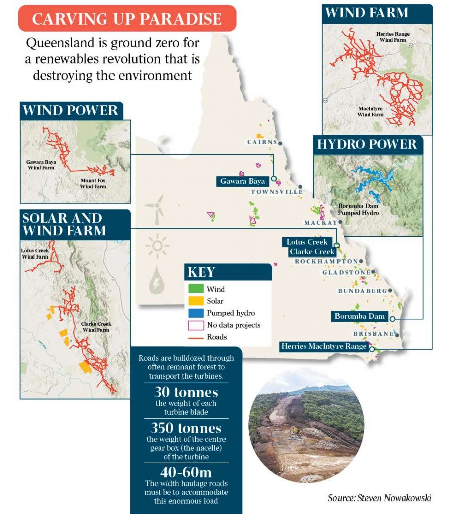 University of Queensland ecology professor and Biodiversity Council co-chairman Hugh Possingham says land-clearing for renewables is boosting carbon dioxide emissions, “making climate change worse”. Mountain wind farms are of particular concern: “The highest concentrations of birds and mammals are in the mountains where these projects are. Areas of high value for biodversity are being impacted and they should not be impacted.”
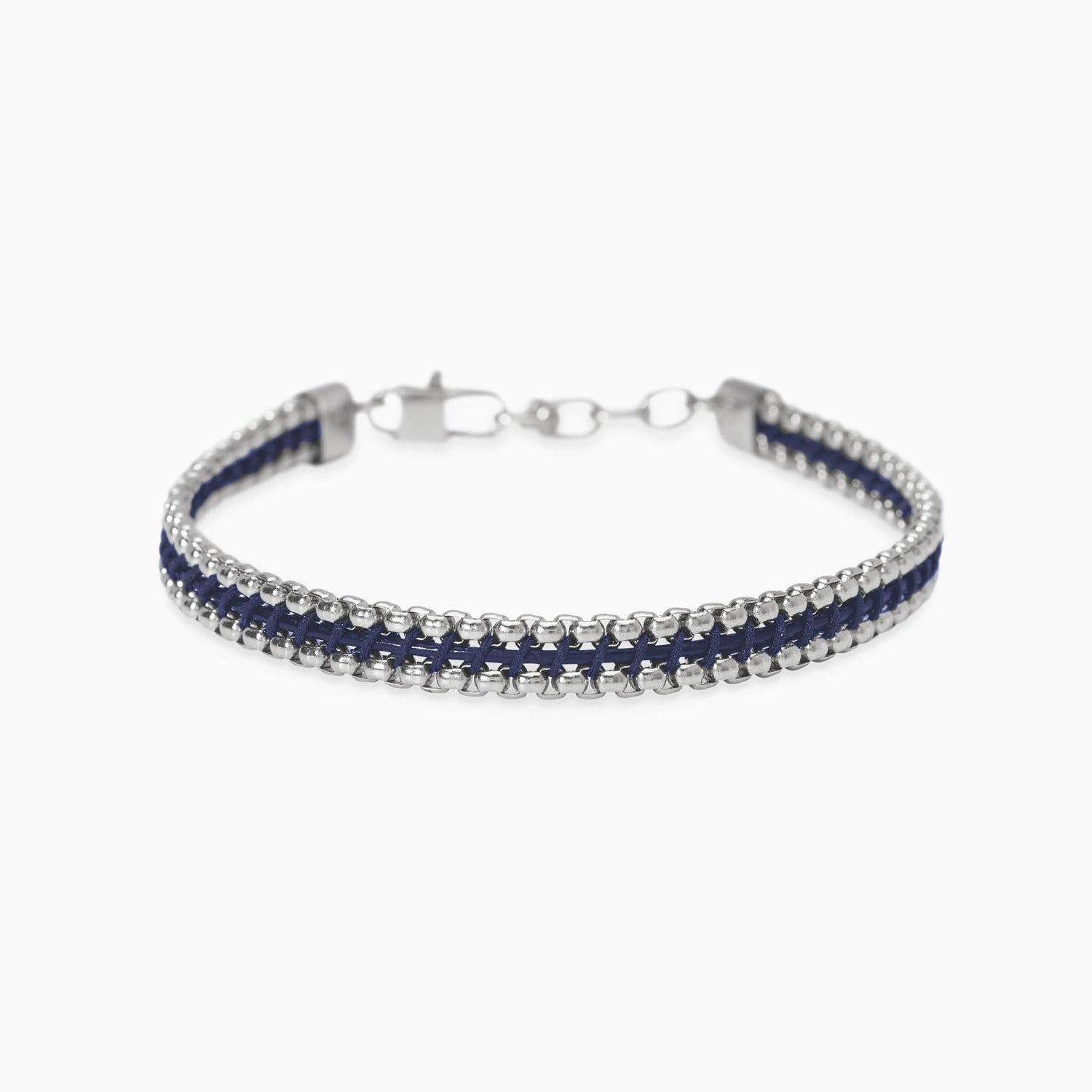 Bacciale regolabile con catene veneziane in acciaio, nylon blu e pelle interna.
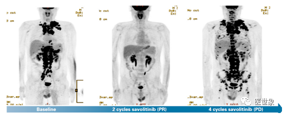 在经过了2个疗程的治疗后,川建国的病情出现了部分缓解,MET拷贝数从3.0降至1.4。但也同时出现了其他新的低频基因突变:MET D1228H(5%),MET D1228N(5%),MET D1228V(35%)和MET Y1230C(3%)。
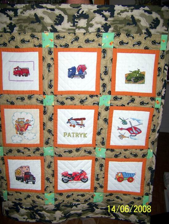 wojskiem. Kołderkowe ciocie wyszyły dla niego betoniarkę, różne
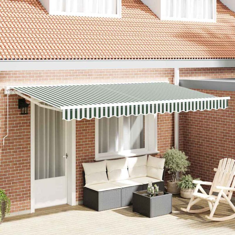 Резервен плат за тента Зелен и бял 380 x 195 см Полиестер
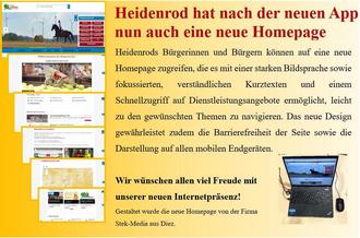 Die Gemeinde Heidenrod freut sich, ihre neue Homepage vorstellen zu können. Das bewährte Layout wurde dabei beibehalten, jedoch technisch und gestalterisch auf den neuesten Stand gebracht. Die Website präsentiert sich nun optisch ansprechend, übersichtlich und zeitgemäß - und ist selbstverständlich auf allen mobilen Endgeräten optimal darstellbar.
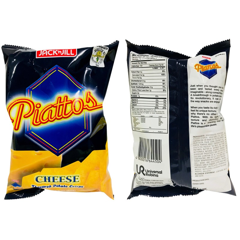 - Jack & JIll Piattos Cheese Flavored Potato Crisps, 3 oz, pack of 3
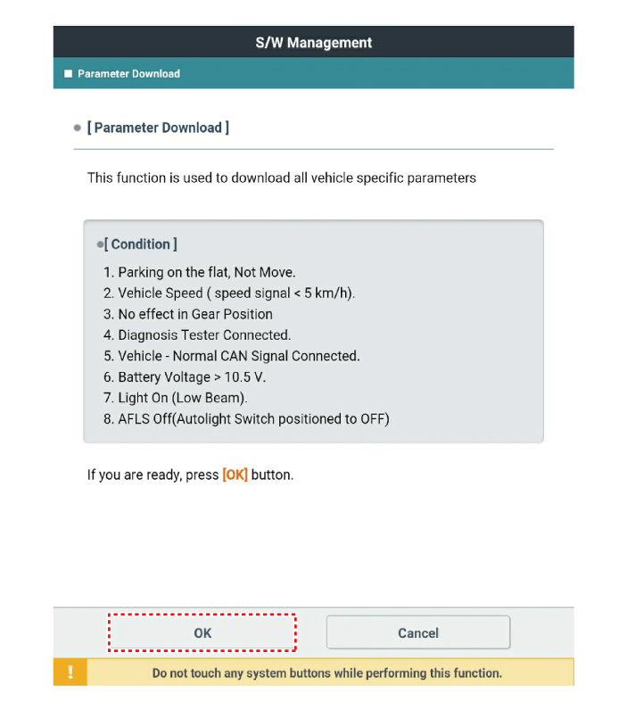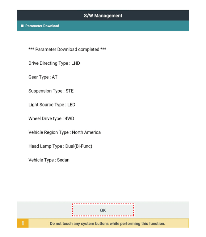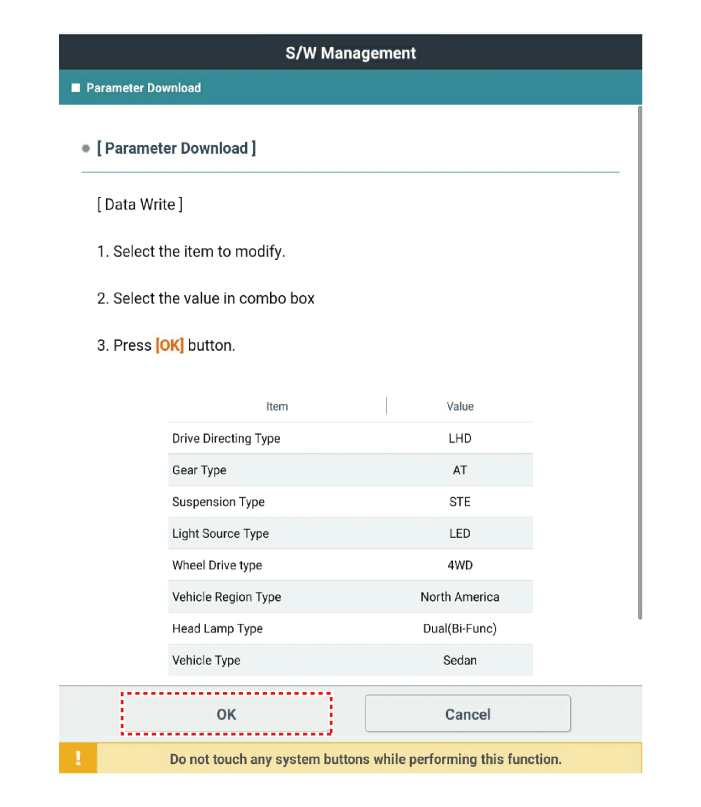 Выберите меню «Загрузка параметров», чтобы определить характеристику автомобиля.
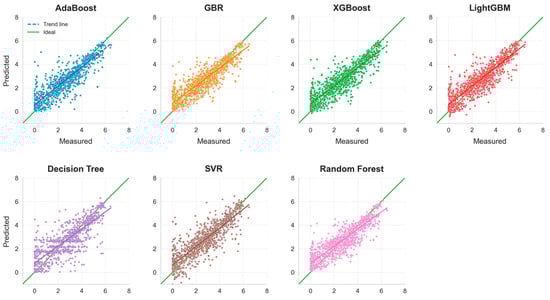 Comparison of predicted and true values of seven machine learning methods on training and test sets. The green line in the subplot is the ideal reference line, which indicates that the predicted value is exactly the same as the actual value and is used as a benchmark comparison; the line in the subplot with the same color as the scatter point is the regression trend line, which indicates the overall trend between the predicted value and the actual value.
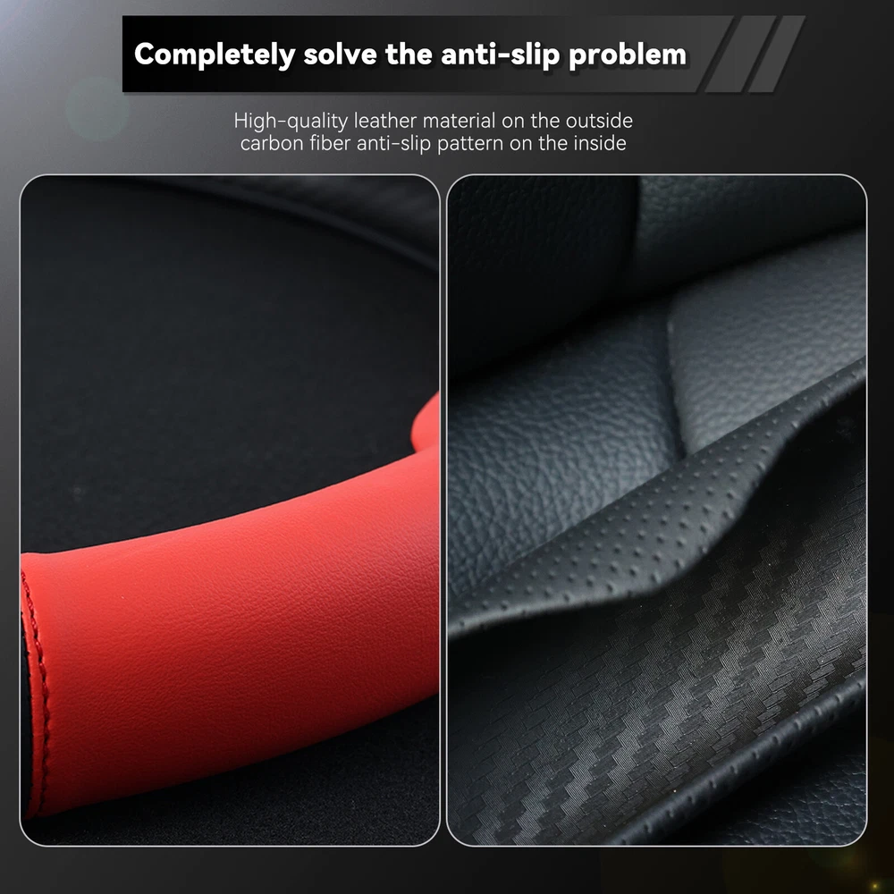 Car Steering Wheel Cover Leather Breathable Anti-slip Car Accessories Universal Features: -- Leather splicing design & customized brand logo --More suitable for the original steering wheel. --Four Seasons Universal. --Feel comfortable, anti-skid and wear-resistant. --A perfect coat for your steering wheel. Specifications: Fitment: for O/D Type Steering Wheels with an Outer Diameter of 37~39 cm(14.5" to 15.5") Color: Ruby red Material: faux leather Package contents: 1 x Steering Wheel Cover General Policies : Dear customer,if you have any questions,you can contact us,we will provide the best service for you. Shipping policy : The item will be shipped within 24 hours on payment received except the holidays.(except weekends & official holidays). You can log on to eBay to check your logistics tracking number. Please confirm address before purchase, and cannot change address once purchased. If you need to receive the item quickly, please contact us, you can pay the postage to choose other logistics. Payment: Please purchase and pay for the item through the eBay,only acc e pted the paypal payment. Returns: Please contact us first when return, exchange and refund is required. Any direct return of purchased items will not be processed. Item must be returned in new condition, as received with all accompanied accessories and literature, including the factory carton. Shipping, handling is not refundable unless item is returned because of defect. If the product is defective or damage upon arrival,please contact us immediately,we will provide the solve the problem. Returns accepted within 30 days of delivery date and item must be in original new condition. About us: Our goal is complete customer satisfaction. We will be very honored to provide you with quality service. If there is an issue with shipping or the item you purchased please contact us via e B ay message or call us before opening a case or leaving feedback.We will try our best to resolve any kind of issue.

***

To do:
Write out exactly the run of lines above that starts at the line containing "D1228N(5%),MET D1228V(35%)和MET Y1230C(3%)。" and ends at the line containing "Резервен плат за". Include both, and leave the pictures out.

Result of this task:
 在经过了2个疗程的治疗后,川建国的病情出现了部分缓解,MET拷贝数从3.0降至1.4。但也同时出现了其他新的低频基因突变:MET D1228H(5%),MET D1228N(5%),MET D1228V(35%)和MET Y1230C(3%)。
 wojskiem. Kołderkowe ciocie wyszyły dla niego betoniarkę, różne
 Резервен плат за тента Зелен и бял 380 x 195 см Полиестер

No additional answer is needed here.